Dopo la Prima Guerra Mondiale lo scontro tra interventisti e neutralisti continuò a cause della formazione di due blocchi psicologici: essere italiani e patrioti significava essere anche interventisti e dannunziani; essere rivoluzionari, repubblicani e democratici significava essere anche neutralisti e caporettisti.
I reduci di guerra avevano sacrificato moltissimi anni in trincea con la promessa di tornare nella loro patria e poter costruire un paese più progredito, ma questi tornavano più poveri di prima. Reinserire i combattenti nella vita civile risultò molto difficile perché i lavori scarseggiavano. In questo modo aumentarono i conflitti tra i dirigenti delle diverse classi sociali: i sindacati e il Partito Socialista organizzarono manifestazioni cosi vaste che il periodo tra il 1919 e il 1920 prese il nome di Biennio Rosso. Le terre e le fabbriche furono occupate dai lavoratori e si cercò di organizzare la sovietizzazione della produzione.

Nel 1919 si tennero le elezioni politiche con il sistema proporzionale cioè distribuiva i seggi ad ogni partito in proporzione ai voti che aveva ottenuto. In questo modo accresceva il ruolo del partito d non quello di ogni singolo candidato. Il Partito Popolare, fondato in quell’anno da Don Luigi Sturzo, riuscì a conquistare oltre 100 deputati e si batteva per una riforma dello Stato liberale, cioè avere una maggiore apertura verso le esigenze dei ceti più deboli.
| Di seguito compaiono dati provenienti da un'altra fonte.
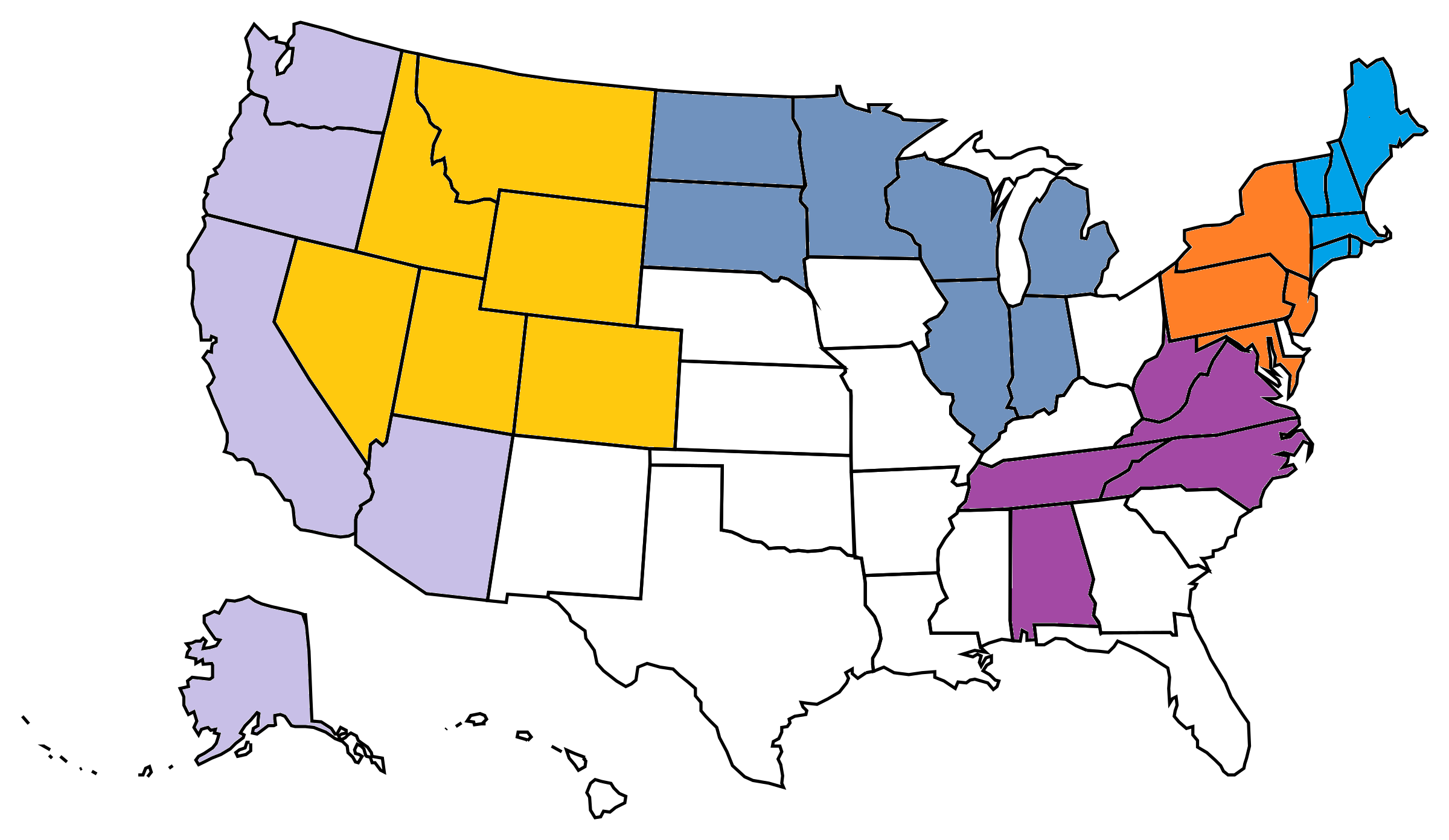 Alaska, Arizona, California, Oregon, Washington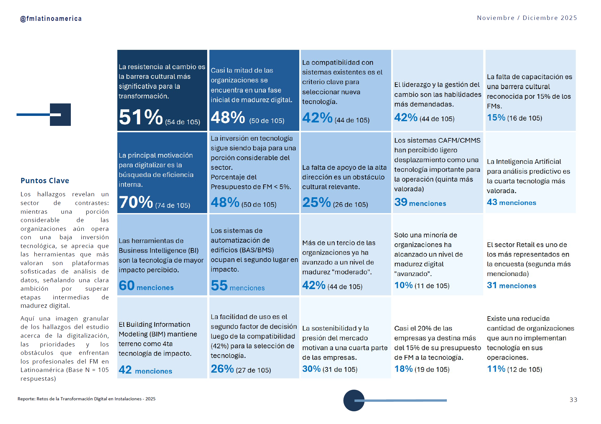 El análisis cuantitativo muestra que el FM en Latinoamérica atraviesa una transición importante, enfrentando la necesidad de optimización con la resistencia cultural al cambio. Actualmente, casi la mitad de las organizaciones tienen una baja madurez digital, lo que representa un gran potencial sin explotar. La clave no es solo invertir más, sino adoptar estrategias tecnológicas integradas y escalables, evitando soluciones puntuales que fragmenten los sistemas. El estudio destaca la creciente importancia del análisis de datos y el uso de herramientas BI, transformando al Facility Manager en un analista estratégico capaz de mejorar decisiones y experiencias.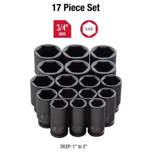 - The Sunex 4685 3/4 inch drive SAE deep impact socket set includes 17 deep 6-point sockets from 1 inch to 2 inches, featuring radius corner design, dual size markings, and Cr-Mo alloy steel construction held in a heavy duty storage case.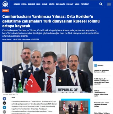 DHA və Anadolu xəbər agentlikləri Türkiyənin vitse-prezidenti Cevdet Yılmazın Şuşadakı çıxışı barədə ətraflı məlumat veriblər.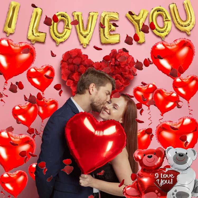 Valentinsdag folieballoner har søde slogans som "I Love You" og "Happy Valentine's Day". Ballonerne kommer i levende rød, pink og guldfolie, hvilket skaber en tredimensionel effekt, når de pustes op. Visuelt præsenterer de en romantisk festlig atmosfære. Udover slogans kommer de også i forskellige former, såsom roser, bjørne, der krammer hjerter og læber, blandt mange andre. Du kan vælge baseret på den specifikke indstilling og stil.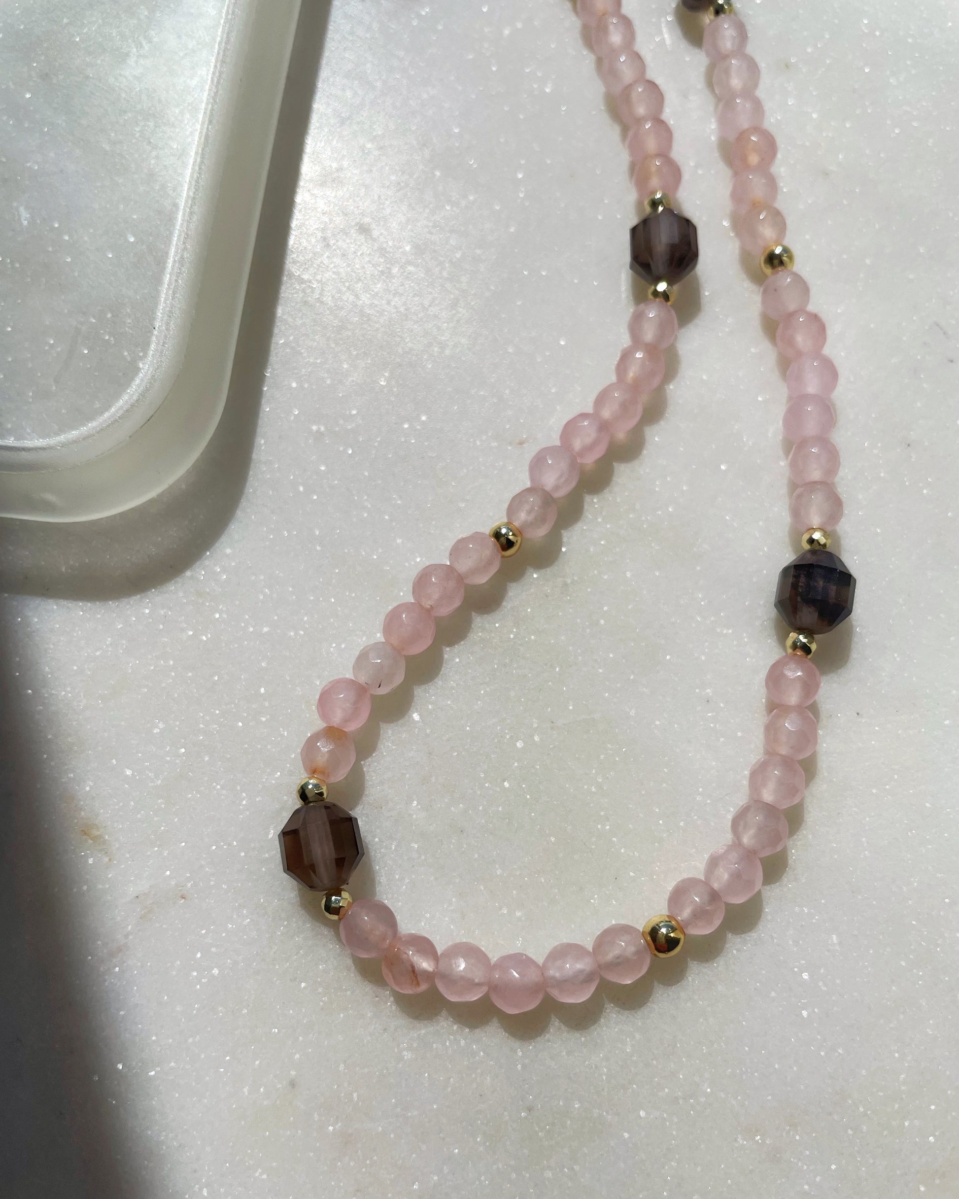 Combination of Rose Quartz, Hematite and Smoke Quartz.

Il Partito Socialista, invece, ne uscì vincitore da queste elezioni, ma al suo interno c’erano diverse spaccature causate dalle diverse interpretazioni sociali e politiche.

SOCIALISTI
- Riformisti: favorevoli ad un’azione parlamentare di riforma sociale e non condividevano l’interpretazione del marxismo offerta dalla rivoluzione.
- Massimalisti: vedevano nel modello sovietico l’unica traduzione delle teorie marxiste.